CourtU.S. Bankruptcy Court — District of Rhode Island

George M. Prescott, Lincoln, R.I., for debtor/plaintiff.

Jeffrey S. Michaelson, Michaelson & Michaelson, Providence, R.I., for defendants.

ARTHUR N. VOTOLATO, Jr., Bankruptcy Judge.

Before the Court is the Defendant's Motion to Dismiss the Plaintiff's Complaint, pursuant to Fed.R.Bankr.P. 7012(b), incorporating by reference Fed.R.Civ.P. 12(b)(6), for failure to state a claim upon which relief can be granted.

In ruling upon a motion to dismiss, the Court is required to accept the well-pleaded factual allegations of the complaint as true, and to deny the motion "unless it appears beyond doubt that the plaintiff can prove no set of facts in support of his claim which would entitle him to relief." Conley v. Gibson, 355 U.S. 41, 78 S.Ct. 99, 2 L.Ed.2d 80 (1957).
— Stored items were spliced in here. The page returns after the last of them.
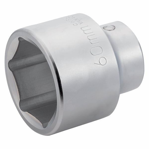 ลูกบ๊อกซ์ 12 เหลี่ยม หัวขับขนาด 1 นิ้ว ทำจากเหล็กโครเมียม-วาเนเดียม ชุบโครเมียมด้าน มีปุ่มปลดล็อกสลัก ยาวทั้งตัว 70 มม. ขนาด 41 มม.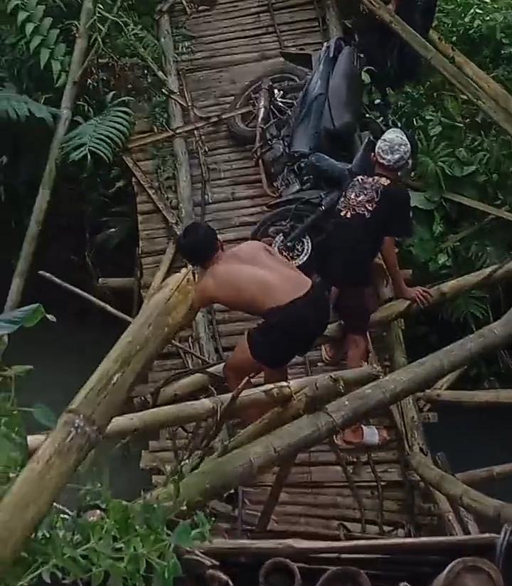 Ambruknya jembatan yang menghubungkan Kampung Ciliang RT 05/RW 01 ke Kampung Pasir Haur RT 02/RW 04 Kelurahan Kadumerak itu terjadi saat seorang santri menggunakan kendaraan bermotor melintas di jembatan yang terbuat dari batang bambu dan nyaris hanyut ke kali dibawahnya.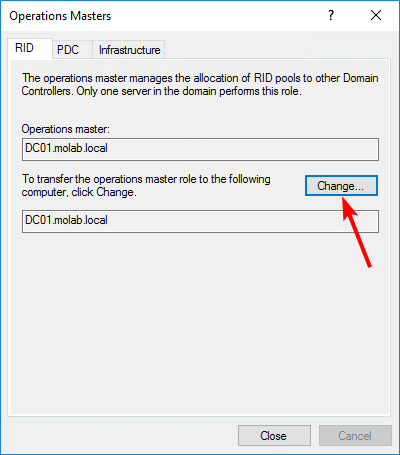 Select the appropriate tab and click the “Change” button to begin the transfer of the FSMO role to the targeted domain controller:

With this standard in mind, we consider the averments of the Plaintiff's Complaint:

Count I alleges a violation of the automatic stay, § 362(a)(6), which prohibits "any act to collect, assess, or recover a claim against the debtor that arose before the commencement of the case under this title." Plaintiff alleges that the Defendant1 violated this code section by soliciting the Debtor's reaffirmation of a prepetition unsecured debt, in exchange for the extension of further credit. Specifically, the Debtor avers that "such solicitations violate the automatic stay provisions of the Bankruptcy Code contained in 11 U.S.C. § 362(a)(6)."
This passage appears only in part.